## WHAT IS REQUIRED
Could you give the listing again exactly, without its pictures?

## DATA FOR THIS TASK
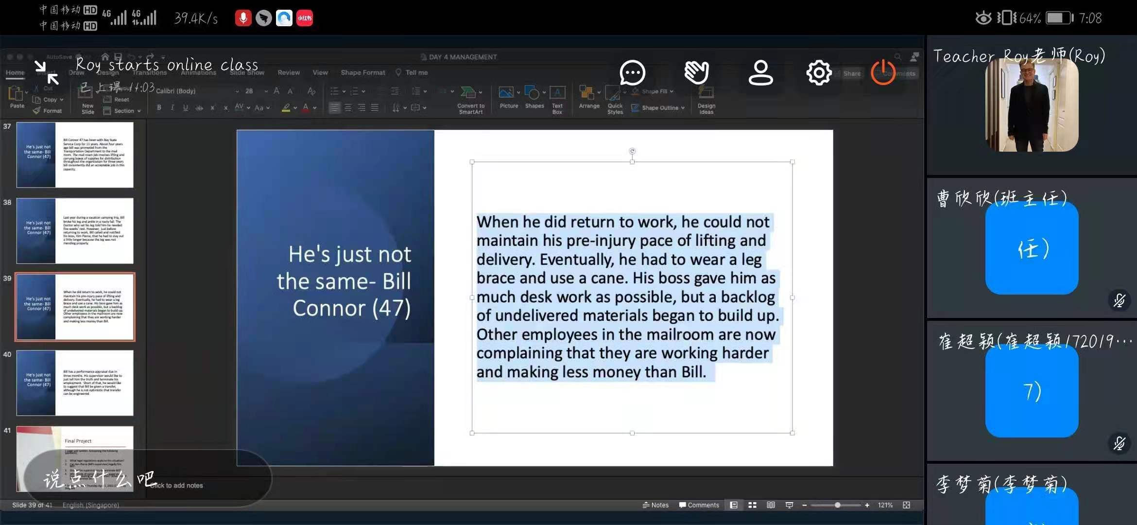 Barela教授在钉钉上开启了Management课程的线上教学。Barela老师上课幽默风趣,课堂上会提出一些问题让员工回答、与员工进行互动,良好活跃的课堂氛围极大调动了同学们的听课的积极性。Barela 老师亲切和蔼的态度深受同学们的喜爱,纯正流利的口音和专业的知识技能更是让同学们受益匪浅。
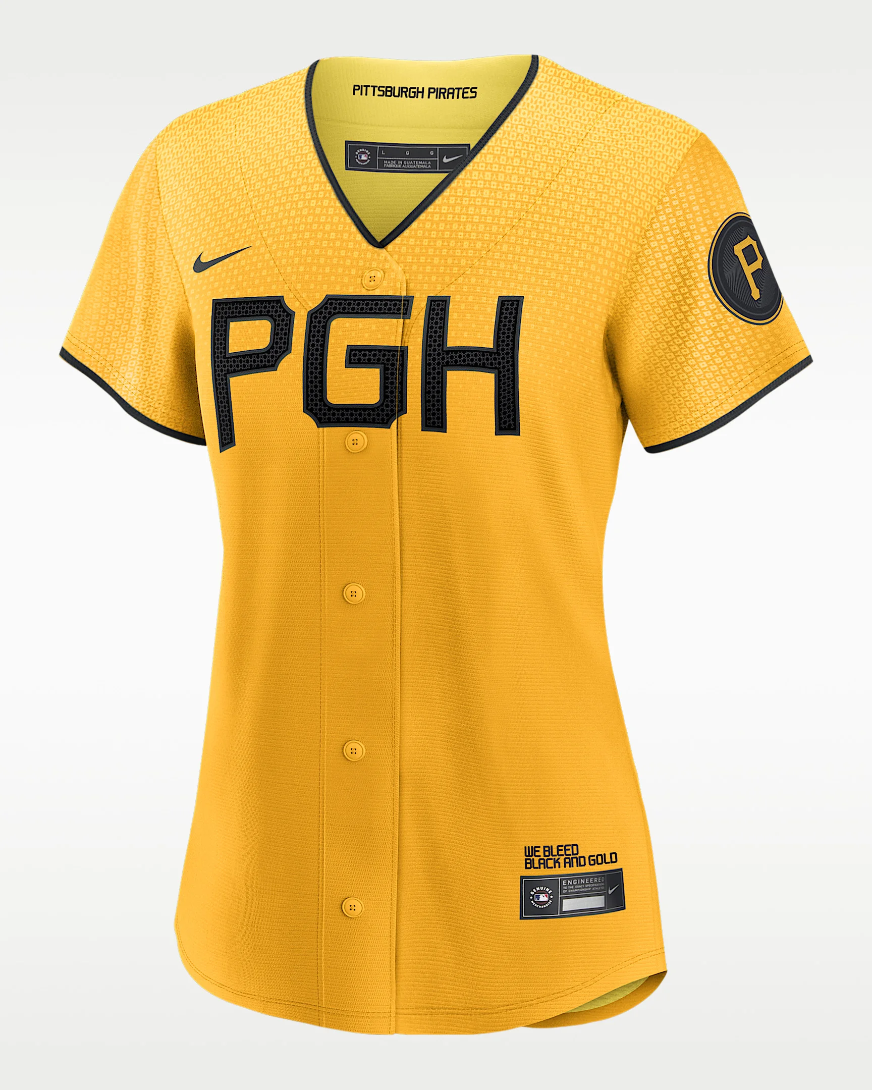 The MLB Pittsburgh Pirates City Connect Jersey is ready for first pitch with its breathable polyester and lightweight fit. Its city-inspired details are straight from the player's authentic uniform, helping you properly showcase your fandom. Product Details - 100% polyester - Machine wash - Imported - Shown: Sundown/Black - Style: T77301O1PT7-R10
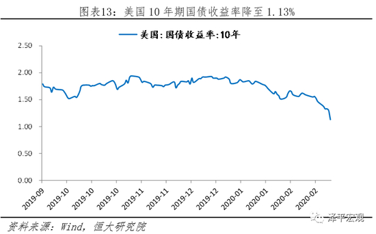 疫情对债市的推动主要分为两方面:一方面疫情的扩散与传染对消费、生产与投资带来负面冲击,实体经济短期走弱有利于推动债市走强;另一方面,疫情带来的恐慌情绪推升避险情绪,带动利率下行。2月28日,无论长期美国国债还是短期美国国债收益率均急剧下跌,美国10年期国债收益率持续下降至1.13%,5年期美国国债收益率跌至创2016年以来首次跌至1%以下至0.89%,2年期美国国债收益率降至0.86%。其他国家国债也展现同样的避险情绪,日本1年期国债下跌至-0.197%、10年期国债下跌至-0.104%,澳大利亚10年期国债下跌至0.84%。
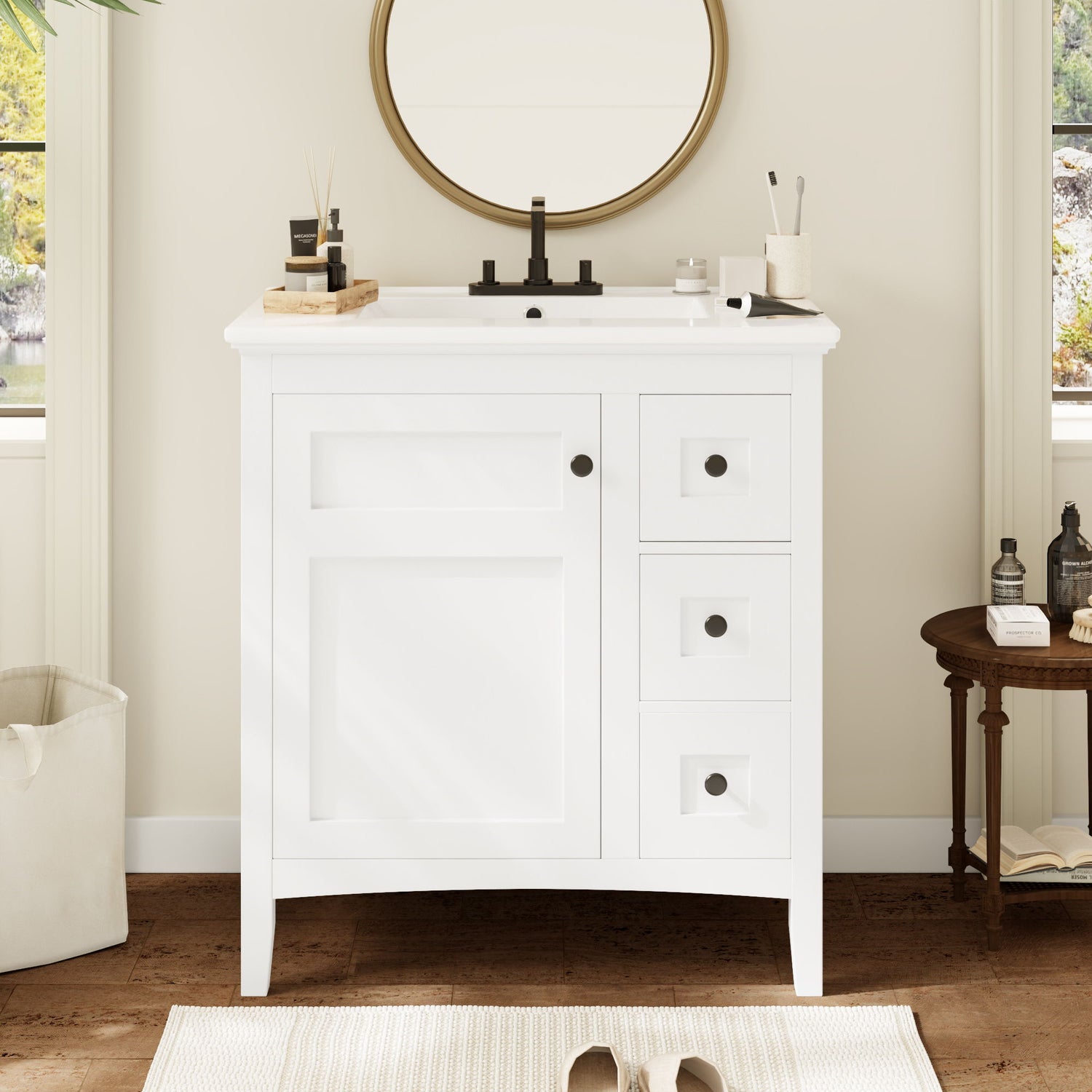 Bathroom Vanity With Sink, Storage Cabinet With 3 Drawers - White
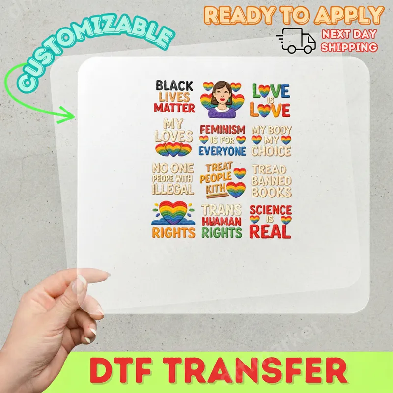 See allThis impactful DTF transfer showcases vital social justice messages: "Black Lives Matter," "Love is Love," "Feminism is for Everyone," "My Body My Choice," "No One is Illegal," "Treat People with Kith," "Tread Banned Books," "Trans Rights are Human Rights," and "Science is Real." Adorned with rainbow hearts, this ready to press design promotes unity, equality, and human rights. Perfect for activists, allies, and educators passionate about progressive causes. Personalize apparel for marches, rallies, community events, or daily wear to spread awareness. Create inspiring gifts for friends and family championing equality, or unique items for fundraisers and awareness campaigns, especially during Pride Month. This premium heat press transfer applies effortlessly to cotton, polyester, and blends. Use a heat press at 300-325°F for 15 seconds with medium pressure, then cold peel. A household iron can also be used. Unlike traditional vinyl transfers, no weeding is required, making your customization process quick and hassle-free. Our direct to film transfer offers superior quality with vibrant, crack-resistant colors that resist fading, ensuring your message lasts. The professional-grade DTF film provides a soft, flexible feel that integrates seamlessly with your garment, offering excellent durability and a comfortable finish. This t-shirt transfer delivers professional results every time.
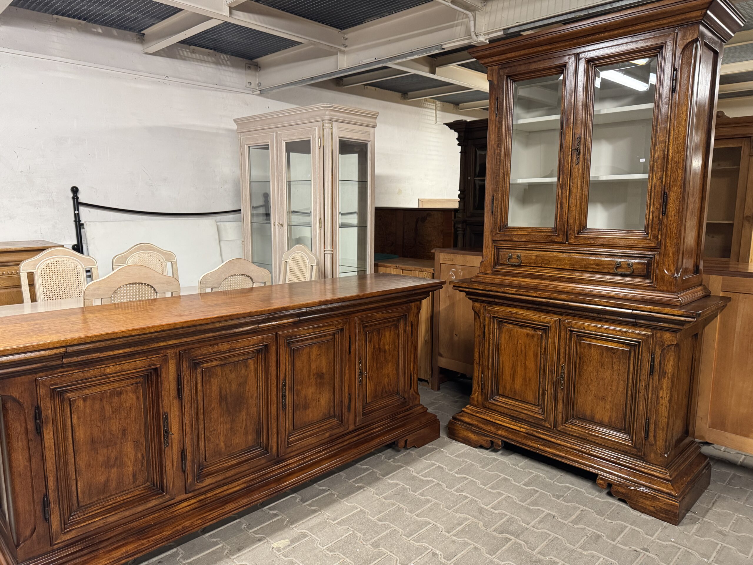 Stylowa witryna z litego drewna w ciemnym kolorze.
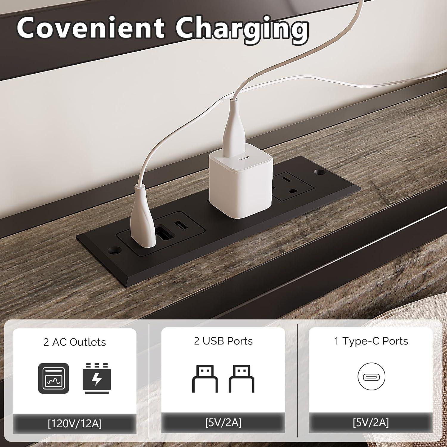 【Convenient Charging Station】 This queen metal bed frame comes with a built-in charging station on the headboard, including 2 AC outlets, 2 USB ports and 1 Type-C port. Easily charge your phone, tablet, or other devices, making it ideal for kids and teens bedrooms where study, gaming, and relaxation all happen in one space.
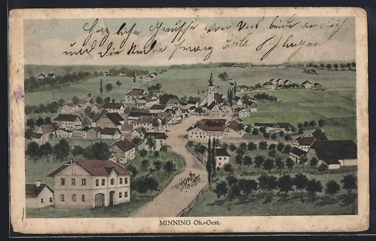 AK Minning, Ortsansicht mit Umgebung aus der Vogelschau
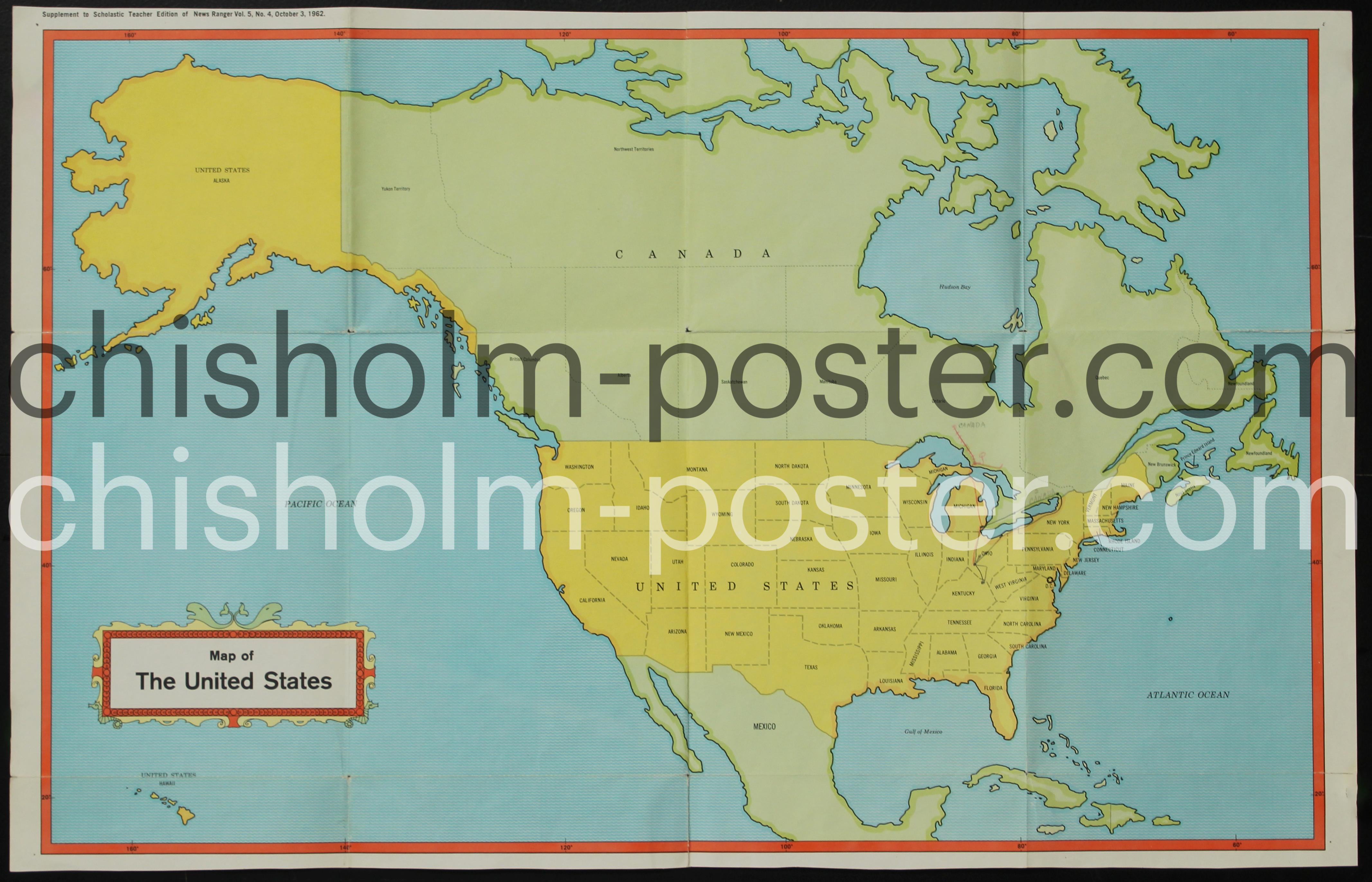 Original Vintage Poster: Map of the United States - Scholastic Supplement 1962
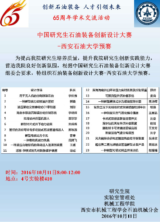 校庆65周年学术交流活动: 中国研究生石油装备创新设计大赛--米兰中国预赛
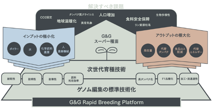 その問題点に対してグランドグリーンは、ゲノム編集技術で既存の作物品種の問題点にピンポイントでアプローチし、短期間での品種改良を目指しています。
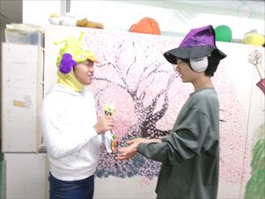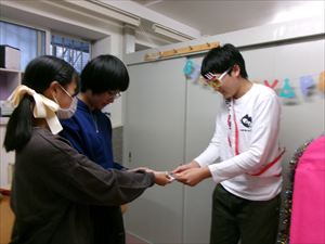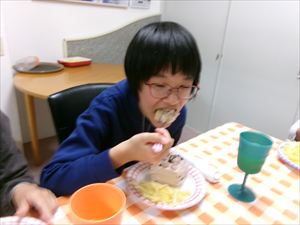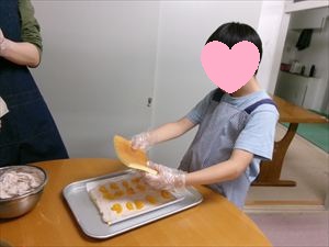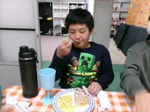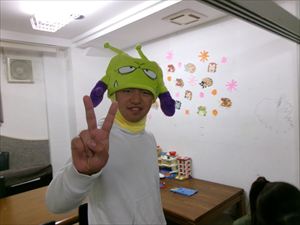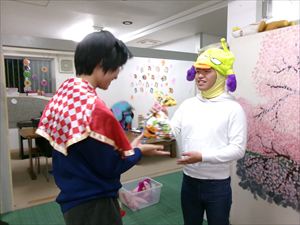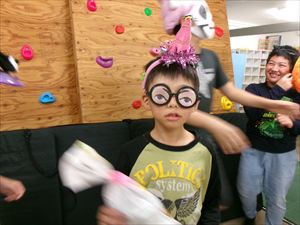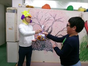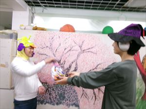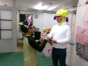 年長者、Tくんに、「トリック・オア・トリート!」でおやつをもらいます(^^♪
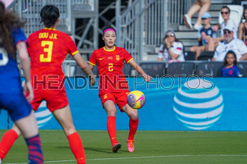 Fort Lauderdale, USA, December 2, 2023, China PR defender Li Mengwen #2 receives a pass in a friendly match at DRV PNK Stadium. (Photo Credit: Marty Jean-Louis)
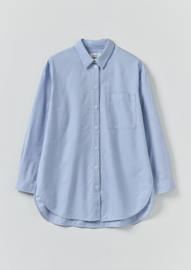 Our oversized shirt is cut from crisp organic cotton Oxford, with a patch pocket on the chest and a curved hem which falls slightly longer at the back.

## RESULT OF THIS TASK
 Barela教授在钉钉上开启了Management课程的线上教学。Barela老师上课幽默风趣,课堂上会提出一些问题让员工回答、与员工进行互动,良好活跃的课堂氛围极大调动了同学们的听课的积极性。Barela 老师亲切和蔼的态度深受同学们的喜爱,纯正流利的口音和专业的知识技能更是让同学们受益匪浅。
 The MLB Pittsburgh Pirates City Connect Jersey is ready for first pitch with its breathable polyester and lightweight fit. Its city-inspired details are straight from the player's authentic uniform, helping you properly showcase your fandom. Product Details - 100% polyester - Machine wash - Imported - Shown: Sundown/Black - Style: T77301O1PT7-R10
 疫情对债市的推动主要分为两方面:一方面疫情的扩散与传染对消费、生产与投资带来负面冲击,实体经济短期走弱有利于推动债市走强;另一方面,疫情带来的恐慌情绪推升避险情绪,带动利率下行。2月28日,无论长期美国国债还是短期美国国债收益率均急剧下跌,美国10年期国债收益率持续下降至1.13%,5年期美国国债收益率跌至创2016年以来首次跌至1%以下至0.89%,2年期美国国债收益率降至0.86%。其他国家国债也展现同样的避险情绪,日本1年期国债下跌至-0.197%、10年期国债下跌至-0.104%,澳大利亚10年期国债下跌至0.84%。
 Bathroom Vanity With Sink, Storage Cabinet With 3 Drawers - White
 See allThis impactful DTF transfer showcases vital social justice messages: "Black Lives Matter," "Love is Love," "Feminism is for Everyone," "My Body My Choice," "No One is Illegal," "Treat People with Kith," "Tread Banned Books," "Trans Rights are Human Rights," and "Science is Real." Adorned with rainbow hearts, this ready to press design promotes unity, equality, and human rights. Perfect for activists, allies, and educators passionate about progressive causes. Personalize apparel for marches, rallies, community events, or daily wear to spread awareness. Create inspiring gifts for friends and family championing equality, or unique items for fundraisers and awareness campaigns, especially during Pride Month. This premium heat press transfer applies effortlessly to cotton, polyester, and blends. Use a heat press at 300-325°F for 15 seconds with medium pressure, then cold peel. A household iron can also be used. Unlike traditional vinyl transfers, no weeding is required, making your customization process quick and hassle-free. Our direct to film transfer offers superior quality with vibrant, crack-resistant colors that resist fading, ensuring your message lasts. The professional-grade DTF film provides a soft, flexible feel that integrates seamlessly with your garment, offering excellent durability and a comfortable finish. This t-shirt transfer delivers professional results every time.
 Stylowa witryna z litego drewna w ciemnym kolorze.
 【Convenient Charging Station】 This queen metal bed frame comes with a built-in charging station on the headboard, including 2 AC outlets, 2 USB ports and 1 Type-C port. Easily charge your phone, tablet, or other devices, making it ideal for kids and teens bedrooms where study, gaming, and relaxation all happen in one space.
 AK Minning, Ortsansicht mit Umgebung aus der Vogelschau
 Original Vintage Poster: Map of the United States - Scholastic Supplement 1962
 校庆65周年学术交流活动: 中国研究生石油装备创新设计大赛--米兰中国预赛
 その問題点に対してグランドグリーンは、ゲノム編集技術で既存の作物品種の問題点にピンポイントでアプローチし、短期間での品種改良を目指しています。
 年長者、Tくんに、「トリック・オア・トリート!」でおやつをもらいます(^^♪
 Fort Lauderdale, USA, December 2, 2023, China PR defender Li Mengwen #2 receives a pass in a friendly match at DRV PNK Stadium. (Photo Credit: Marty Jean-Louis)
 Our oversized shirt is cut from crisp organic cotton Oxford, with a patch pocket on the chest and a curved hem which falls slightly longer at the back.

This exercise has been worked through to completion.